-- Raw data follows --

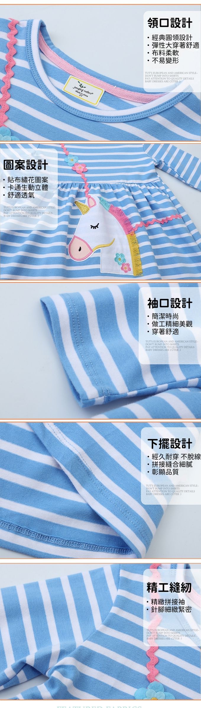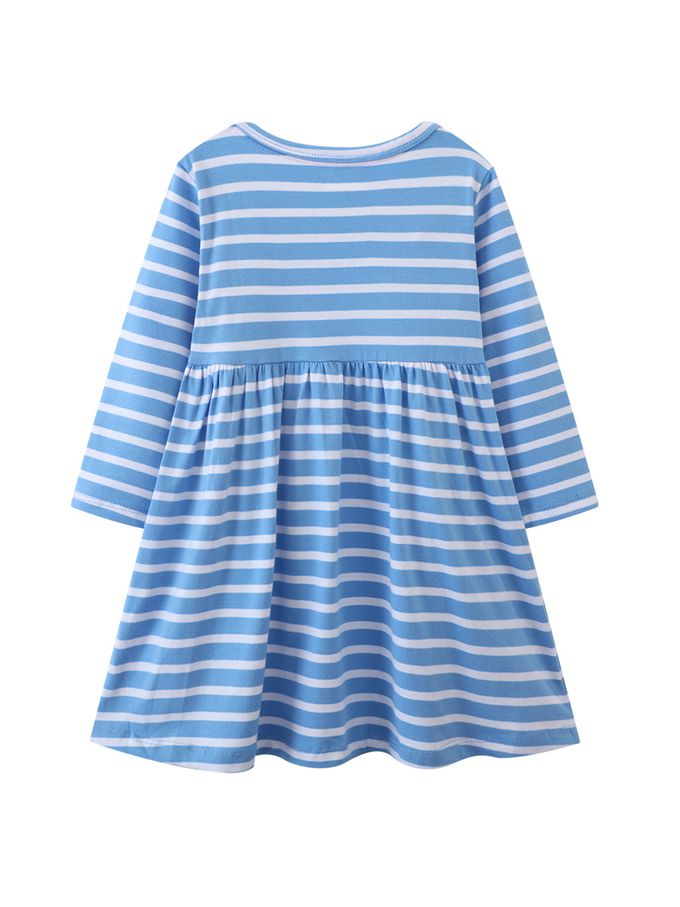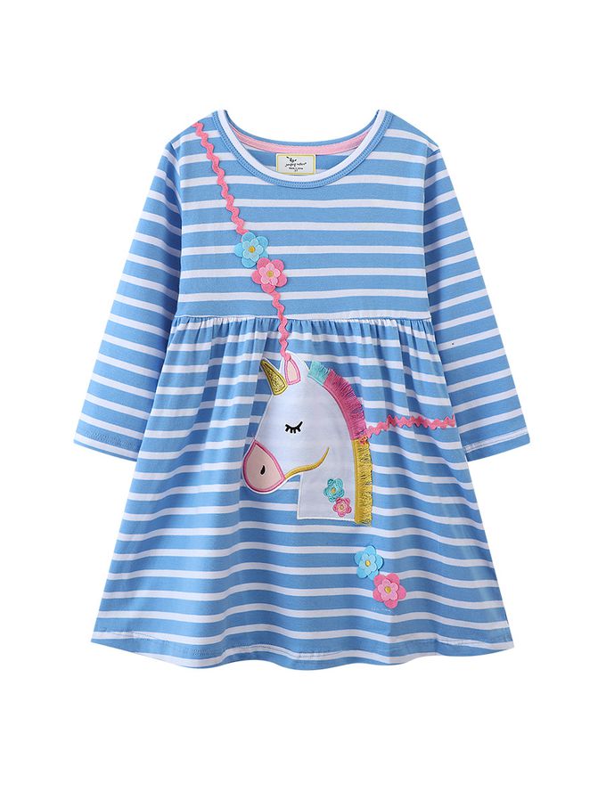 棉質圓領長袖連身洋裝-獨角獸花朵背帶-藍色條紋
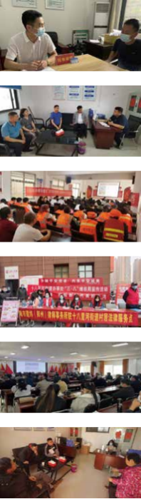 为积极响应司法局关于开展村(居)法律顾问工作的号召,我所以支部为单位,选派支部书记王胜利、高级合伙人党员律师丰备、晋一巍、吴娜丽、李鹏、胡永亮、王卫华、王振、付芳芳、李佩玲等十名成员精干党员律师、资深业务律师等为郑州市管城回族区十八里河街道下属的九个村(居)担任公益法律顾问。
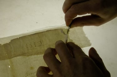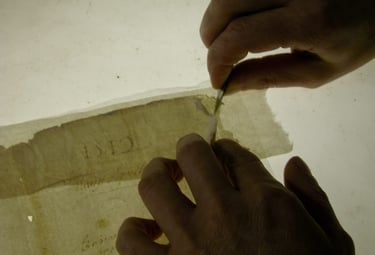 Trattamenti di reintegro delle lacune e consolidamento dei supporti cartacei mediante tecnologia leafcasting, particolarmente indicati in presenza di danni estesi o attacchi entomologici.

-- Raw data concluded --

* **Action item**: Reproduce every line of the material above, but drop the pictures.

* **The completed task**:
 棉質圓領長袖連身洋裝-獨角獸花朵背帶-藍色條紋
 为积极响应司法局关于开展村(居)法律顾问工作的号召,我所以支部为单位,选派支部书记王胜利、高级合伙人党员律师丰备、晋一巍、吴娜丽、李鹏、胡永亮、王卫华、王振、付芳芳、李佩玲等十名成员精干党员律师、资深业务律师等为郑州市管城回族区十八里河街道下属的九个村(居)担任公益法律顾问。
 Trattamenti di reintegro delle lacune e consolidamento dei supporti cartacei mediante tecnologia leafcasting, particolarmente indicati in presenza di danni estesi o attacchi entomologici.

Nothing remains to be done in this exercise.